Robert C. Smith: Kevin, thank you. Nice to be here.
Kevin Pho: All right, so tell us why you decided to share this particular article on KevinMD.
Robert C. Smith: We’ve talked, you and I and others, and in my book “Has Medicine Lost Its Mind,” have talked lots about the problems of mental health care and the fact that medicine has not trained people like you and me and all the other primary care doctors in mental health care. It’s not our fault.
So what I want to emphasize today is what medicine has done for us that has been quite effective. That is how skilled we have become in physical diseases. And to kind of go through some of that backdrop, we can be justifiably proud of our heritage in physical diseases, and I think it’s worth emphasizing that. We hear a lot on the other side these days, but medicine has been incredibly effective.
Kevin Pho: So you wrote in your article that there’s a mind-body split. So we are great at diagnosing and treating physical disease, but I infer from what you’re saying that the mental part, the psychological part, is still lacking.

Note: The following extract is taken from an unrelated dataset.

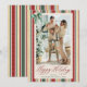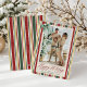 Carte photo de vacances personnalisé avec des rayures rouge, vert et or d'inspiration vintage avec un script de calligraphie élégant pour un design de Noël intemporel. *Utilisez l'outil de recadrage dans l'éditeur de design pour ajuster le placement de la photo.

Robert C. Smith: That’s right. The psychological part is still lacking and we have a major mental health crisis. And as we talked in one of our earlier shows, it is not getting any better, and simple reason is that medicine does not train the doctors who provide the care. That’s primary care docs like you and me. We provide 75 percent of all mental health care. But we weren’t trained to do it.
Kevin Pho: So in your article you talk about the history of the mind-body split in medicine. So for those that don’t get a chance to read your article, tell us more about that.
Robert C. Smith: Sure. Backtrack now to Hippocrates in the fifth century BC, some two and a half millennia before modern medicine began. The guiding theory for that two and a half millennia, this is now up until the 16th, 17th century scientific revolution, the guiding theory of medicine was a so-called four humors: black bile, yellow bile, blood, and phlegm. And the idea was that if these four humors, I’m using my fingers to demonstrate it, but these four humors, basically if they stayed in balance, that was health, like my fingers. On the other hand, if one of them went out of whack like that, that was disease that caused symptoms, disability, and death. And that was their understanding for two and a half millennia of disease and death.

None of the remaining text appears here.